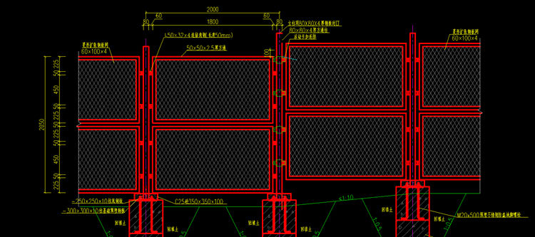 2.围网网面以Q235低碳钢板切割扩张制成,网面与方通应采用面接,接触长度不小于20mm,钢板网尺寸采用长节距100mm,短节距60mm,梗宽4mm ,钢板厚4mm,未尽部分详见详见《隔离栅》(CB/T 26941-2011 )。
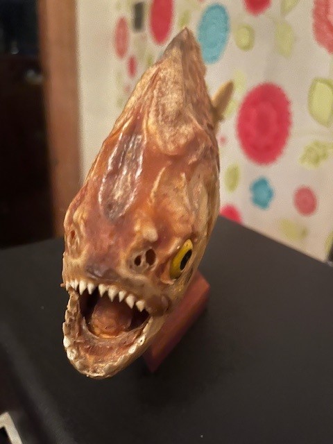 Vintage Taxidermy Piranha Mounted On A Wooden Base Brazil
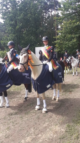 Zum Leasing steht ein wunderschöner Deutscher Reitpony-Wallach, geboren im Jahr 2009. Mit einem Stockmaß von 148 cm ist er ideal für ambitionierte Reiter, die Wert auf Qualität und Charakter legen. Er hat viele Schleifen und Erfolge sowohl im Dressur-, Spring- und Vielseitigkeitssport gesammelt. 2014 war er Teilnehmer des Bundeschampionats in Warendorf und setzte sich trotz seiner Dressurabstammung bei den Springponys bis ins Finale durch. Mit unseren beiden Töchtern hat er insgesamt drei Mal an der Bundesweiten „Goldenen Schärpe“ in der Vielseitigkeit teilgenommen und jedesmal eine Gesamtplatzierung am Ende geholt. 2023 gewann er mit unserer jüngeren Tochter die Einzel-, sowie Gesamtwertung beim Bundesnachwuchschampionat in Warendorf. Hierbei setzte er sich mit herausragenden Noten an die Spitze (Dressur 8,8; Gelände 8,4; Springen 9,2). Über die Jahre hat dieses Pony unzählige GOLDENE Schleifen in allen Disziplinen gewonnen. Er will immer für seinen Reiter kämpfen und sein bestes geben. Das Pony ist ausgesprochen lieb im Umgang, sowie unter dem Sattel. Er ist stets für jeden geeignet und besonders für Familien interessant. Für mehr Informationen +49 1783993911

▶ WHAT THE TASK ASKS
Give back the data exactly. Skip any images.

▶ EXERCISE RESULT
 2.围网网面以Q235低碳钢板切割扩张制成,网面与方通应采用面接,接触长度不小于20mm,钢板网尺寸采用长节距100mm,短节距60mm,梗宽4mm ,钢板厚4mm,未尽部分详见详见《隔离栅》(CB/T 26941-2011 )。
 Vintage Taxidermy Piranha Mounted On A Wooden Base Brazil
 Zum Leasing steht ein wunderschöner Deutscher Reitpony-Wallach, geboren im Jahr 2009. Mit einem Stockmaß von 148 cm ist er ideal für ambitionierte Reiter, die Wert auf Qualität und Charakter legen. Er hat viele Schleifen und Erfolge sowohl im Dressur-, Spring- und Vielseitigkeitssport gesammelt. 2014 war er Teilnehmer des Bundeschampionats in Warendorf und setzte sich trotz seiner Dressurabstammung bei den Springponys bis ins Finale durch. Mit unseren beiden Töchtern hat er insgesamt drei Mal an der Bundesweiten „Goldenen Schärpe“ in der Vielseitigkeit teilgenommen und jedesmal eine Gesamtplatzierung am Ende geholt. 2023 gewann er mit unserer jüngeren Tochter die Einzel-, sowie Gesamtwertung beim Bundesnachwuchschampionat in Warendorf. Hierbei setzte er sich mit herausragenden Noten an die Spitze (Dressur 8,8; Gelände 8,4; Springen 9,2). Über die Jahre hat dieses Pony unzählige GOLDENE Schleifen in allen Disziplinen gewonnen. Er will immer für seinen Reiter kämpfen und sein bestes geben. Das Pony ist ausgesprochen lieb im Umgang, sowie unter dem Sattel. Er ist stets für jeden geeignet und besonders für Familien interessant. Für mehr Informationen +49 1783993911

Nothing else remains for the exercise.